Our first class of the new semester ended at 9:33 p.m. on what would be one of the coldest nights of the year, and in Minnesota, that’s a cold night—and a black one, the black of deep space, though around the stars, point sources of light, and the moon, were tiny nimbi of gun-metal blue. Anyway, it was cold. Up north they recorded temperatures in the -30s, even before figuring in the wind chills. Here in the Twin Cities, it got down to the -20s, but as I mounted my rime-crusted bike, moj rower, for the ride home, it was probably only in the -10s. The moon though, bright and cold as a blade, was cutting through my layers and somewhat into my will to live, and by extension, my will to study Polish. We had just churned through a number of exercises in the last half hour of class, leaving my mind benumbed, and the good professor assigned what seemed to be double the homework of any week from the first semester. This was Polish II after all. In our second week, the class earned a sharp and uncharacteristic reprimand for not executing these very homework drills with any due speed or competence. We simply weren’t prepared.

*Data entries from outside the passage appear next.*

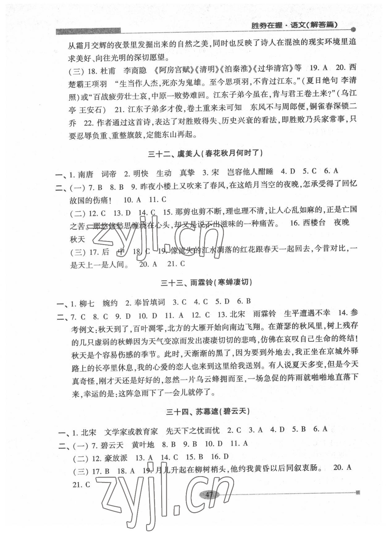 注:目前有些书本章节名称可能整理的还不是很完善,但都是按照顺序排列的,请同学们按照顺序仔细查找。练习册 2022年胜券在握中考总复习指导语文 答案主要是用来给同学们做完题方便对答案用的,请勿直接抄袭。
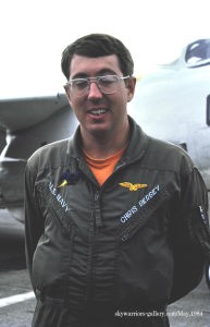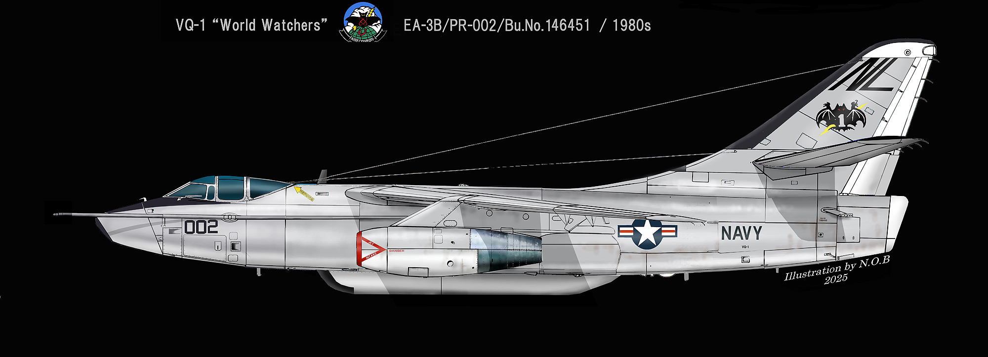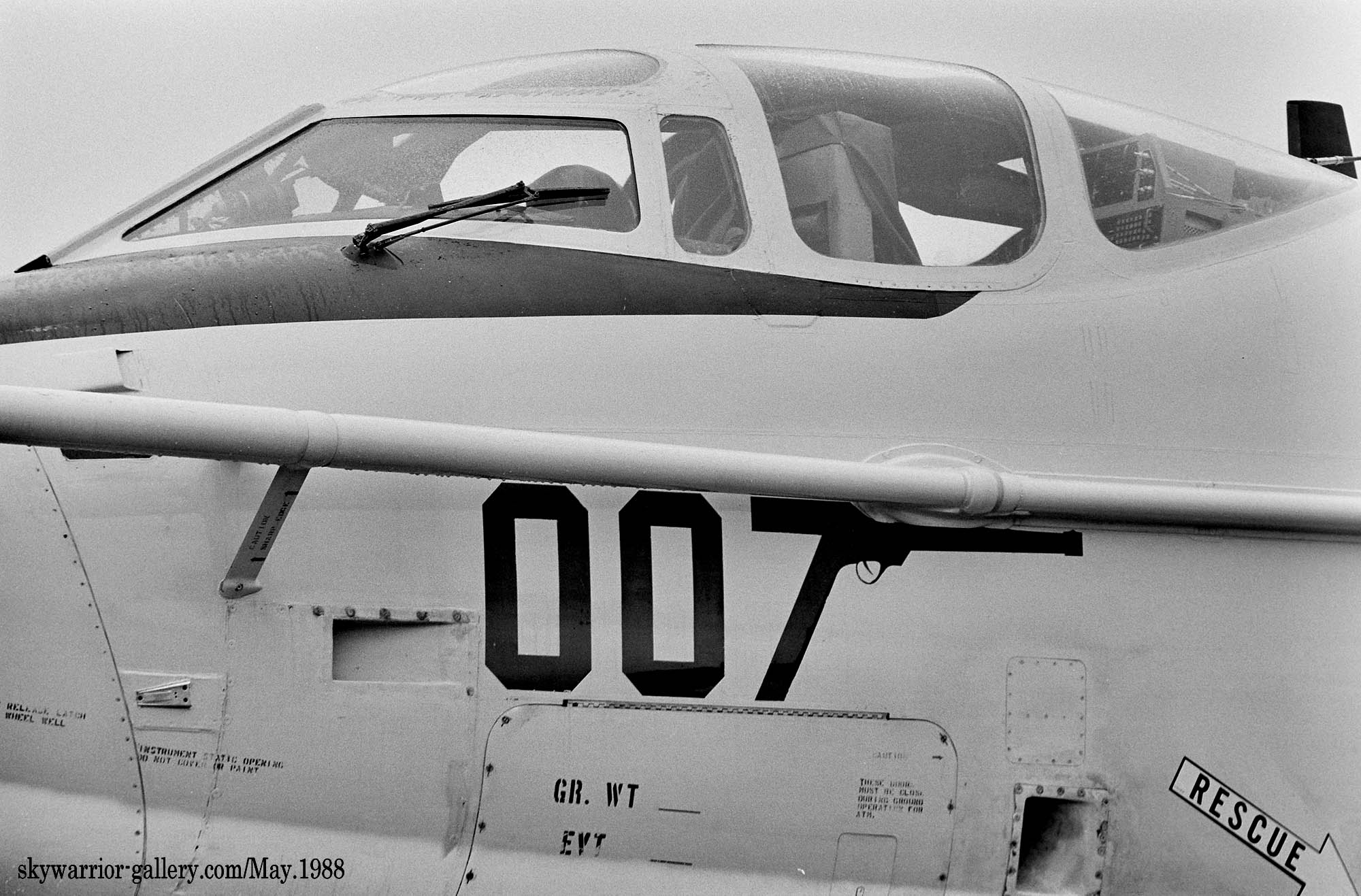 ↑ フニュ師匠が1983年1月厚木基地で撮影した貴重な”NH"のテールコードを入れたVQ-1のEA-3B。ビューアルナンバーは不明だが、恐らくBu.No.144849であろう。尾翼のチップの”007”の7はルガー拳銃の形をしており、映画007のロゴを真似ている。
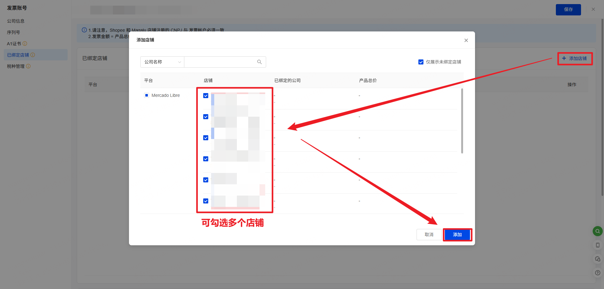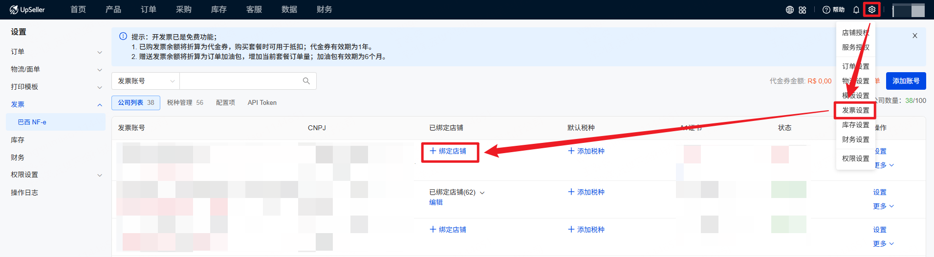一、功能介绍 UpSeller支持一个CNPJ绑定多个店铺(CNPJ相同的店铺),同时管理开票和设置发票金额。 二、操作步骤 1、点击设置>>发票设置>>巴西NF-e,找到对应的发票账号,点击“+绑定店铺”。 如已有店铺被绑定,将会展示已绑定店铺以及设置的平台佣金,点击绑定店铺进入绑定界面(如下图) 2、可直接绑定多个店铺(绑定之前,请确保该店铺已经在UpSeller完成授权)

Still, I can’t say we were any less prepared than in previous weeks, but, again, this was Polish II. When I left my second class, it was still winter and will be for a long time.
A fellow friend of learning recently observed that the second semester of language study was always the hardest. She spoke from her experience in Latin and German. I never made it to second semester Latin and cannot recall second semester German from thirty years ago. But I concede a case can be made and will take her word. Her travail reminds me that learning can hurt, an ancient conclusion, as Aristotle noted in his Politics, “Learning is not a matter of amusement. It is attended by effort and pain”; and Qoheleth, “much study is a weariness of the flesh.”
But the company is really good. The best.